If you are in any doubt as to any aspect of the proposals referred to in this document or as to the action you should take, you should seek your own advice from a stockbroker, solicitor, accountant, or other professional adviser.
If you have sold or otherwise transferred all of your shares, please pass this document together with the accompanying documents to the purchaser or transferee, or to the person who arranged the sale or transfer so they can pass these documents to the person who now holds the shares.
Notice is hereby given that the Annual General Meeting of the Company will be held at 155 Bishopsgate, London EC2M 3XY on Tuesday, 24 January 2017, at 2:30pm to consider and, if thought fit, pass the following resolutions, which will be proposed as to resolutions 1, 2, 3, 4, 5, 6, 7, 8, 9, 10, 11 and 12 as ordinary resolutions, and as to resolutions 13 and 14 as special resolutions:
Ordinary business
- To receive the Directors' report and statement of accounts for the year ended 30 September 2016.
- To approve the Directors' Remuneration policy.
- To approve the Directors' Remuneration report for the year ended 30 September 2016.
- To approve the annual dividend.
- To re-elect Steven Bates as a Director of the Company.
- To re-elect Ivo Coulson as a Director of the Company.
- To re-elect Jonathan Woollett as a Director of the Company.
- To re-elect Frances Daley as a Director of the Company.
- To re-elect Nadya Wells as a Director of the Company.
- To re-appoint KPMG LLP as Auditor of the Company from the conclusion of this meeting until the conclusion of the next general meeting at which the financial statements are laid before members.
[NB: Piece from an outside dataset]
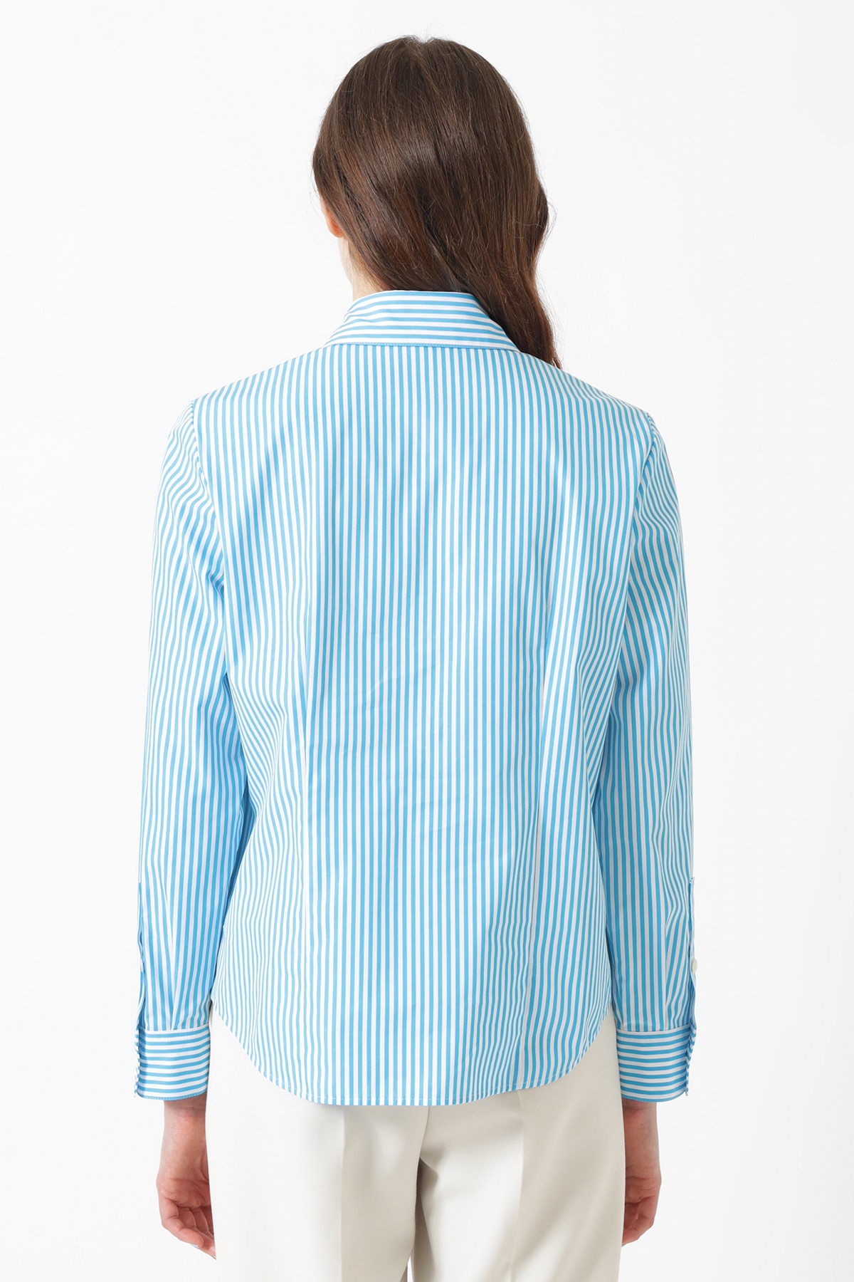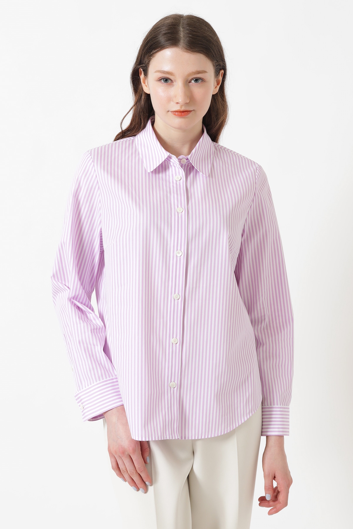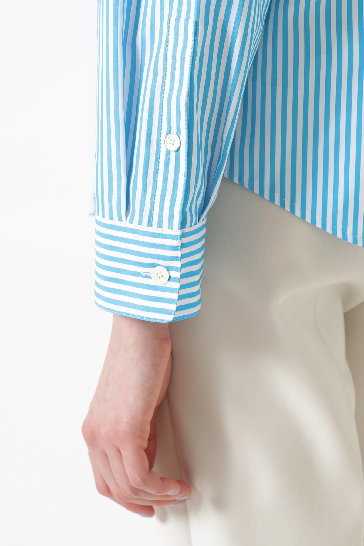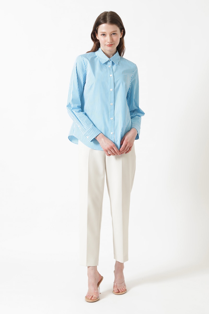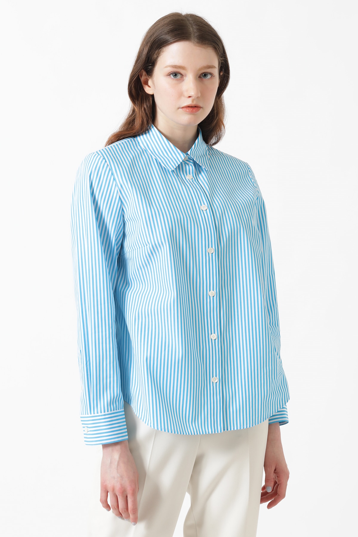 60番手の糸で織り上げた上質なベンガルストライプ素材を使用した、ベーシックかつ洗練されたブラウスです。滑らかでソフトな肌触りに仕上げており、羽織りとしても活躍する軽やかさが魅力。ややゆとりを持たせたリラックスシルエットながら、第一ボタンを開けた際にデコルテが最も美しく見えるよう計算された襟元のカッティングがポイントです。一枚での着用はもちろん、ジャケットのインナーとしても映える、大人のデイリースタイルに欠かせない一着です。
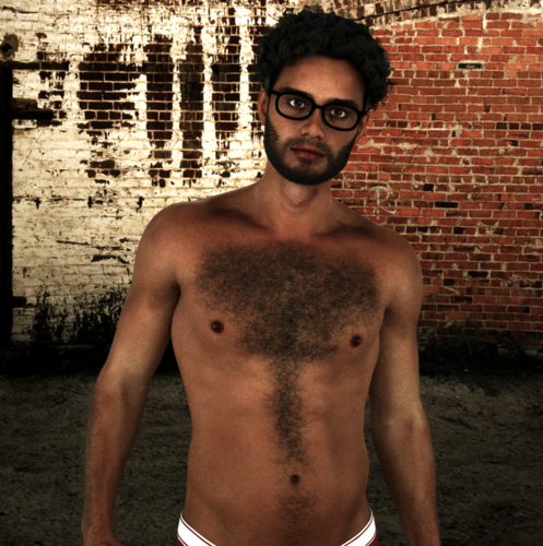The M6 Nevio texture was edited with a tattoo. All skin maps were modified with EZskin2. The gym pants on the M4/K4 mix child was made usable in Poser's fitting room. M6's denim jeans was just conformed over his underwear - the boxer brief was originally for M4 but could be converted in DAZ Studio, as was the hair for M6 (which is GQ event hair for M4).

- To authorise the Directors to determine the Auditor's remuneration.
Special business
- Authority to allot new ordinary shares – Ordinary Resolution:
That, the Board be and it is hereby generally and unconditionally authorised to exercise all powers of the Company to allot shares and to grant rights to subscribe for or convert any security into shares in the Company (within the meaning of Section 551 of the Companies Act 2006) up to an aggregate nominal amount of £79,297, (being approximately 5% of the issued share capital of the Company as at 8 December 2016 being the latest practicable date prior to the publication of this notice of meeting excluding shares held in treasury at that date) PROVIDED THAT this authority shall expire at the conclusion of the next Annual General Meeting of the Company after the passing of this resolution, save that the Company may before such expiry make one or more offers or agreements which would or might require relevant securities to be allotted or rights to subscribe for or convert securities into shares to be granted after such expiry and the Board may allot relevant securities or grant rights to subscribe for or convert securities into shares in pursuance of such offers or agreements as if the authority conferred hereby had not expired.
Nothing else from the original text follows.